Guide to Fine-tune Nvidia NeMo models with Granary Data¶
Introduction¶
The Granary dataset stands out as one of the largest and most diverse open-source collections of European speech data available today. Designed to advance research and development in automatic speech recognition (ASR) and automatic speech translation (AST), Granary provides approximately 643,000 hours of audio paired with transcripts for ASR, and around 351,000 hours of aligned translation pairs. Its recordings are sourced from a variety of Creative Commons corpora—such as YODAS2, YouTube-Commons, VoxPopuli, and Libri-Light—and each sample is carefully reviewed to ensure that only clear, high-quality audio and accurate transcripts are included. Because the dataset includes consistent segment boundaries and normalized text across more than twenty-five languages (including Italian), it eliminates much of the preprocessing burden and allows you to focus on model development or evaluation.
In this tutorial, Granary serves as the central resource: we walk through a step-by-step workflow that begins with selecting the appropriate Italian and English subsets (for both ASR and AST), preparing and validating those files, and then integrating them into a model training pipeline. To make these steps concrete, we demonstrate how to apply them to the pre-trained Canary 1B-Flash checkpoint using NVIDIA NeMo Framework Speech toolkit. These same steps can also be followed with the newly released Canary-1b-v2, a multitask multilingual model supporting 25 languages for both ASR and AST, offering broader language coverage and improved capabilities for multilingual training. While this tutorial focuses on Canary models, the overall workflow - including data selection, formatting, tokenizer adaptation, configuration, fine-tuning, and evaluation - is equally applicable to other ASR and AST systems. By following the detailed instructions below, you’ll see exactly how Granary’s standardized, high-quality audio and text pairs plug into a training script, regardless of which speech model you choose. The outcome of our example is a single checkpoint that can:
-
Transcribe Italian speech into written text (Italian ASR)
-
Translate spoken Italian into English (Italian→English AST)
-
Translate spoken English into Italian (English→Italian AST)
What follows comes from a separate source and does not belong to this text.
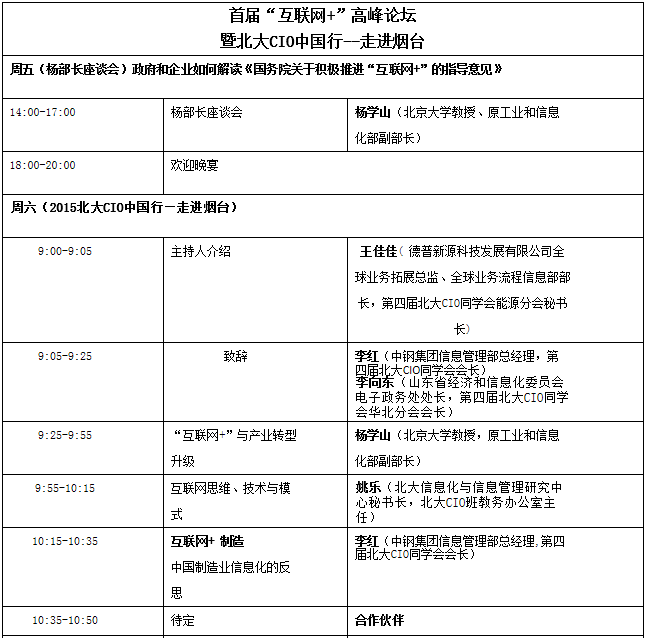 為了采擷有識之士的真知灼見,探究中國全面擁抱互聯(lián)網(wǎng)后經(jīng)濟社會發(fā)展的美好前景。2015年8月28-29日,“首屆“互聯(lián)網(wǎng)+”高峰論壇暨北大CIO中國行--走進煙臺”活動將落地山東煙臺,走進煙臺開發(fā)區(qū),CIO們再次聚首,討論“互聯(lián)網(wǎng)+”時代傳統(tǒng)企業(yè)的轉(zhuǎn)型與創(chuàng)新之道!值得一提的是,北京大學(xué)教授、原工業(yè)和信息化部副部長楊學(xué)山先生也將來到活動現(xiàn)場,與當(dāng)?shù)仄髽I(yè)的CIO們共同解讀《國務(wù)院關(guān)于積極推進“互聯(lián)網(wǎng)+” 的指導(dǎo)意見》,在美麗的煙臺,他們將碰撞出怎樣的火花?讓我們拭目以待吧!

Although the pre-trained Canary 1B-Flashn checkpoint does not natively support Italian, we demonstrate how feeding it high-quality Italian audio and transcript pairs from Granary alongside the English subsets enables the model to learn Italian pronunciation, vocabulary, and phrasing without altering its core design. This highlights how Granary’s consistency and scale make it straightforward to adapt a multilingual model to a new language.
The overall workflow in this tutorial is as follows:
-
Download the relevant Granary subsets for Italian and English ASR, plus Italian↔English AST.
-
Prepare the data by verifying that audio segments and corresponding transcripts or translation pairs are correctly formatted and aligned.
-
Obtain the pre-trained Canary 1B-Flash model checkpoint from NVIDIA’s model collection on 🤗Hugging Face.
-
Create or adapt tokenizers for Italian and English so that the model can handle each language’s vocabulary and symbols.
-
Configure a NeMo training script with appropriate hyper-parameters (learning rate, batch size, etc.).
-
Fine-tune the model on Granary’s Italian and English data
- Evaluate performance
At the conclusion of this process, you'll observe how Granary data independently enhances Canary’s capabilities for Italian, yielding robust transcription and translation outcomes. In a broader context, this tutorial provides a template: you can replicate these exact steps to refine or assess any NeMo speech model like parakeet (not limited to Canary) for any other language available in Granary, positioning it as a versatile, high-quality asset for multilingual speech research.
Data downloading and processing¶
This section focuses on data - specifically, how to download, process, and convert it into the "canary" format.
To facilitate these steps, we have developed a pipeline for use with the NeMo Speech Data Processor (SDP). By using a single configuration file, we can efficiently reproduce all necessary tasks. SDP is a toolkit designed to streamline the processing of speech datasets by minimizing boilerplate code and enabling easy sharing of processing steps.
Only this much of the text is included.